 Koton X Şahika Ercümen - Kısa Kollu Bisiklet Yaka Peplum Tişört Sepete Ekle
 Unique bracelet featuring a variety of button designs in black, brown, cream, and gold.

---

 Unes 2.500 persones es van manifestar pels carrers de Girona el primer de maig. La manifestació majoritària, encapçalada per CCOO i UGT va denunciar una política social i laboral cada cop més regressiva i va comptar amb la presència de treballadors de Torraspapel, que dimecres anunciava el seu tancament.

DESCRIPTION OF THE TASK: Go to the line with "Koton X Şahika" in the entries above and repeat every line from there through the line with "Unique bracelet featuring", exactly and with no other text.

REPLY TO THE EXERCISE:
 Koton X Şahika Ercümen - Kısa Kollu Bisiklet Yaka Peplum Tişört Sepete Ekle
 Unique bracelet featuring a variety of button designs in black, brown, cream, and gold.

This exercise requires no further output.